Spatial Index Low-Level Design: R-Tree, Geohash Grid, and Range Query Optimization

Why B-Trees Cannot Index 2D Space

A B-tree sorts data along a single dimension. Given a point (lat, lng), there is no single linear ordering that keeps spatially nearby points adjacent in the index. If you sort by latitude, then two points at lat=40 but lng=-73 and lng=120 are adjacent in the index but thousands of kilometers apart. A range query “find all points within 10km of (40.7, -74.0)” translates to a two-dimensional bounding box, which a one-dimensional B-tree cannot evaluate without scanning every row within the latitude range and filtering on longitude.

Spatial indexes solve this by organizing data in multi-dimensional space, allowing range queries to prune large portions of the search space without scanning every point.

R-Tree Structure

An R-tree is a balanced tree where every node stores a Minimum Bounding Rectangle (MBR) — the smallest axis-aligned rectangle that encloses all geometries in its subtree. Leaf nodes store individual geometries plus their MBRs. Internal nodes store the MBR of their children's MBRs.

The key insight: if a query bounding box does not intersect a node's MBR, no geometry in that subtree can possibly match the query.

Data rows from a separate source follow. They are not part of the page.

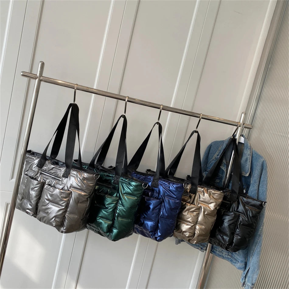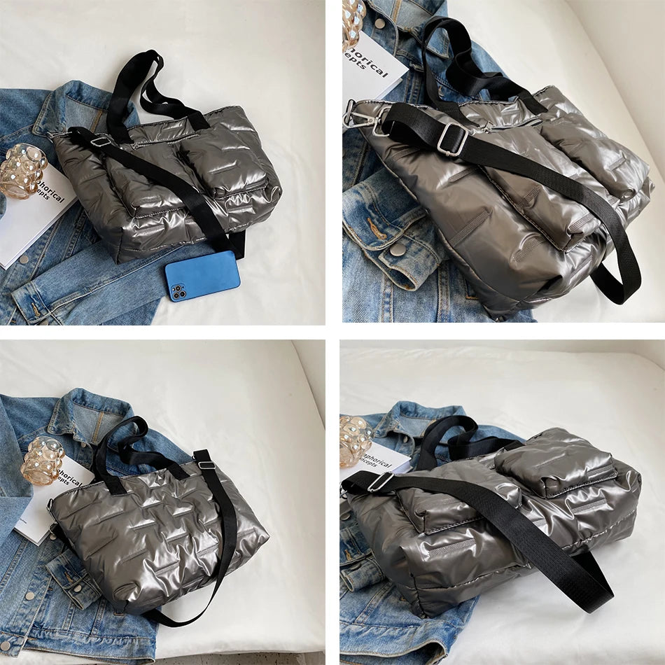 Description:Stay warm and stylish this winter with this large padded shoulder bag made from down fabric. The bag features a striped design and ample space for all your essentials.Features: Padded down fabric for warmth and comfort Large size for carrying all your essentials Striped design for a stylish touch Crossbody...
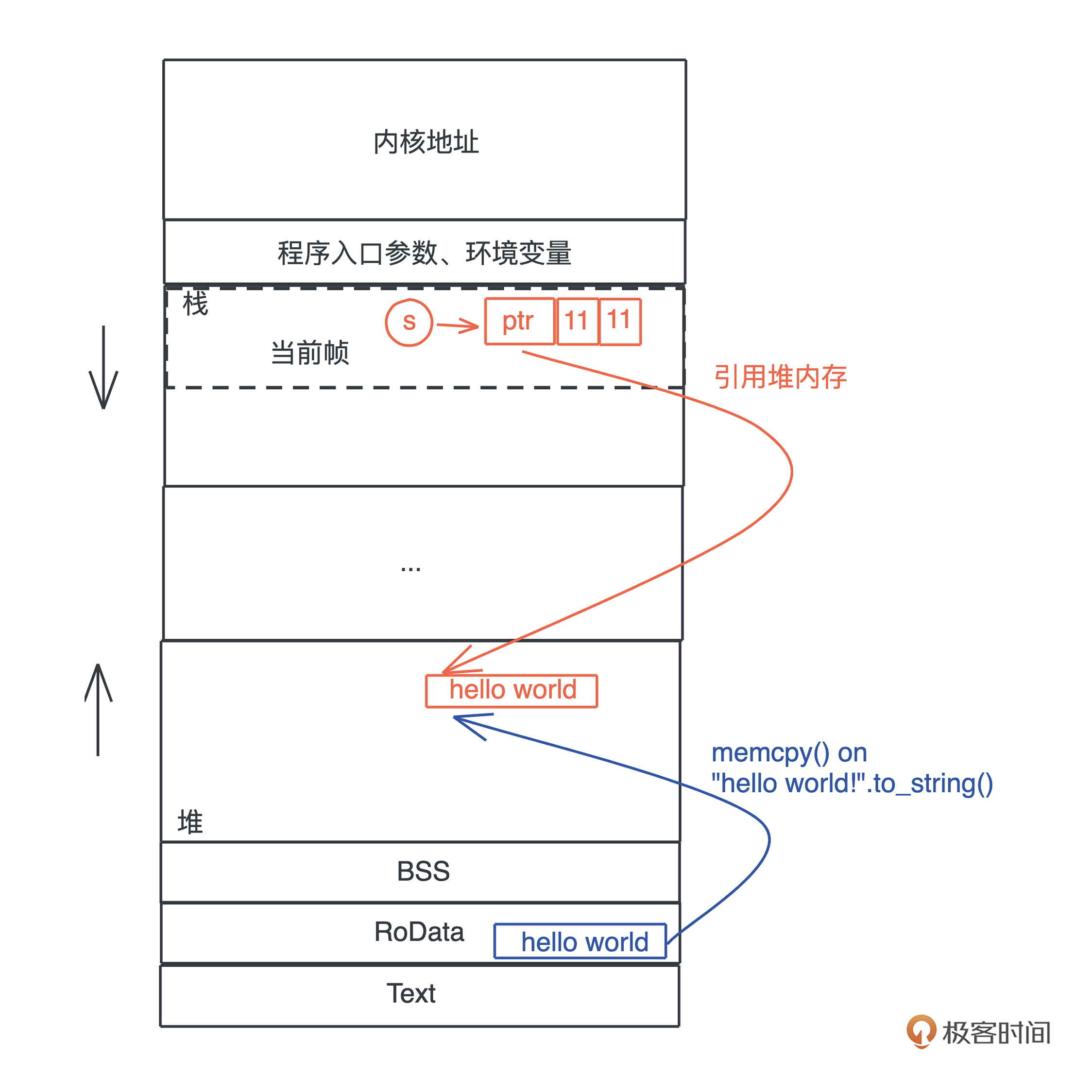 当“hello world” .to_string() 的时候,在堆上,一块新的内存被分配出来,并吧 “hello world” 逐个字节拷贝过去。
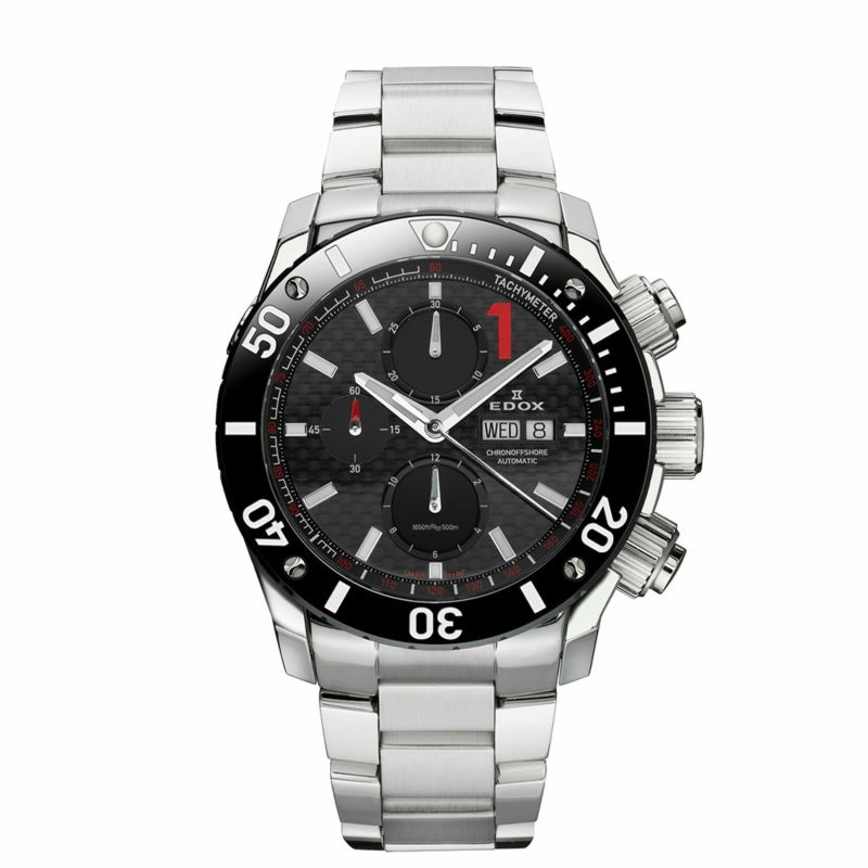 クロノオフショア1コレクションはすべて300m~1000mの高い防水性を備え、スポーツシーンなど高い水圧が生じ得る環境での使用が可能。

The search prunes entire subtrees early without examining individual geometries.

R-tree properties:

All leaves are at the same depth (balanced)
Each node except the root has between m and M entries (m ≥ ceil(M/2))
The root has at least 2 entries unless it is a leaf

R-Tree Search

To find all geometries intersecting a query rectangle Q:

At the root, check each child MBR. If it intersects Q, recurse into that child.
At each internal node, prune children whose MBRs do not intersect Q.
At leaf nodes, check each geometry's MBR against Q. If it intersects, add to candidates.
For exact geometric predicates (not just MBR), perform the precise geometry intersection check on each candidate.

This filter-refinement approach avoids precise geometry computation on the vast majority of indexed shapes.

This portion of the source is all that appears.